The Power of BERT: NLP Topic Modelling and Analyzing Podcast Transcripts
Recently I was scrolling through many podcast episodes and I had the idea to run topic modelling on podcast transcripts to help me determine if there were topics interesting enough for me to listen to the episode. This article is how I did that and what the results looked like.
BERT: Bidirectional Encoder Representations from Transformers
Bert bases its architecture on self attention mechanisms. If you want to learn more about BERT I recommend reading this book here:
BERT outputs word embeddings. These embeddings can be used for a variety of things such as text summarization and topic modelling. Unlike traditional topic modelling / NLP techniques, BERT doesn’t require techniques such as stemming/lemmatizing and removal of stop-words. In this case I am going to use BERT’s topic modelling abilities.
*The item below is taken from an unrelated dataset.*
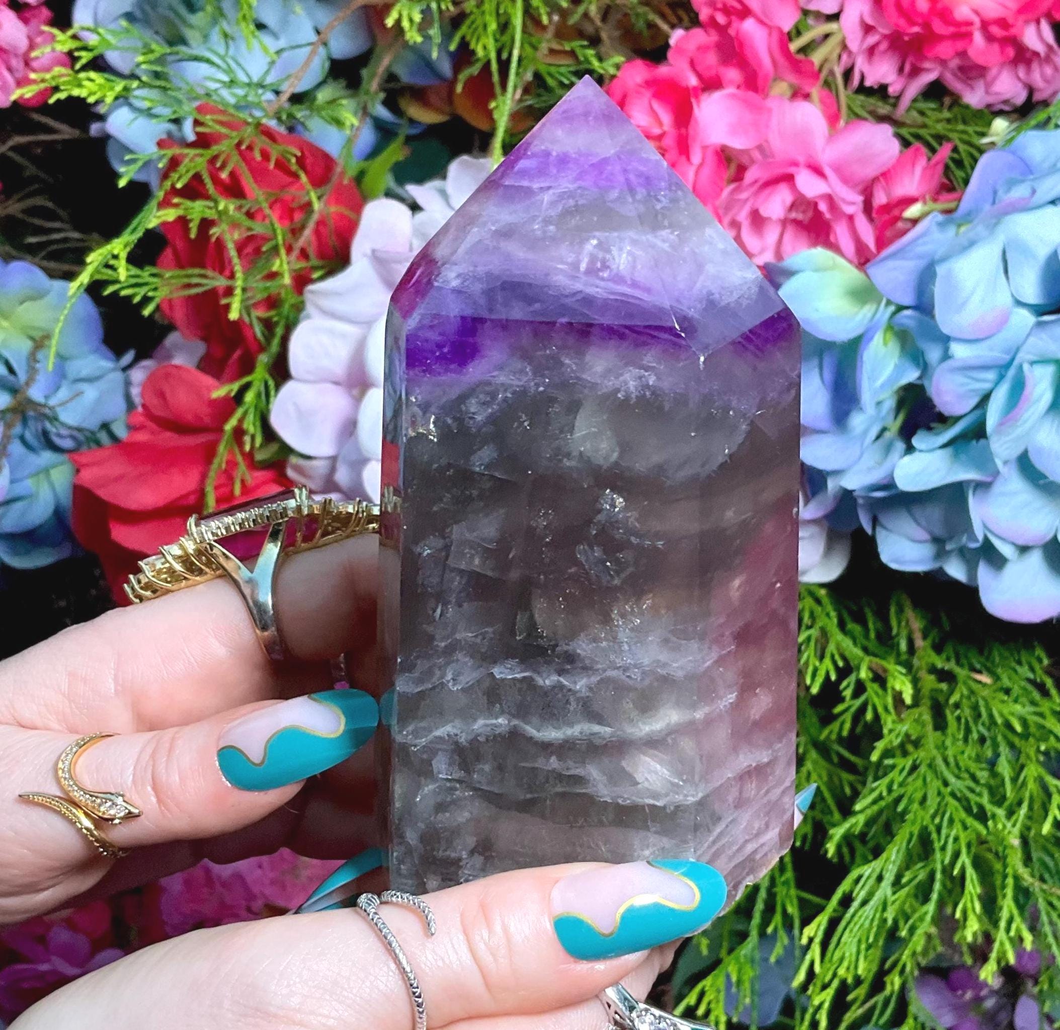 Purple Fluorite Crystal Generator ~ Large 1 lb. 14 oz. ~ 5" Tall Tower ~ Beautifully Polished Rainbow Colors ~ Free & Fast Shipping from USA

If you wish to use BERT yourself you can find it here: https://pypi.org/project/bertopic/
The Podcast Episode:
I picked the most recent podcast episode here. Honestly the title is good enough of a description already, but let’s see if BERT will be able to pick the topics mentioned in the title (and perhaps other side conversations). I used Selenium to scrape the data from this site, if you want to learn how to web scrape: https://www.scrapingbee.com/blog/selenium-python/
There are many articles on how to use BERT, here’s one that may help if you want to get started with topic modelling with BERT: https://towardsdatascience.com/topic-modeling-with-bert-779f7db187e6
Evidently the BERT model is picking up relevant topics from the transcript— very similar to the title of the podcast (albeit slightly cryptically naming them) :
- Meaning_life_love
- religion_religious_theism_religions
- wisdom_rationality_puzzle_solving
- myths_patterns_stories_mythos
- sin_immoral_evil_immortality
Other interesting subjects:
- consciousness_unconcious_do_concious
- cognition_congitive_distributed_science
- flow_state_induction_need
- bullshit_deception_truth
- illusion_reality_we_math
- data_neural_networks_overfitting
- Death_mortality_problematic_die
- Video_games_world_game
It also happens to pick up times when the two speakers agree or disagree under the category no_yes_yeah_very. This is interesting as it indicates during these time frames, the two speakers share similar / dissimilar views (or just a misunderstanding and includes followup for clarification) on what ever subject they were talking about:
Another Interesting topics is also picked up: shampoo
If you want to know what library I used to create these visuals I used the Streamlit package. You can try it out here: https://docs.streamlit.io/library/get-started
Conclusion: Overall BERT is really good at identifying relevant topics. At the same time it does generate some garbage topics — which likely can be solved by tuning hyper parameters. The training time was less than 2 minutes on roughly 1000 sentences. And this project was set up and up in running in less than 3 hours. However, BERT has some issues when creating the topic names. They often come out awkward and reordered — why this happens? Maybe you can explain if you know!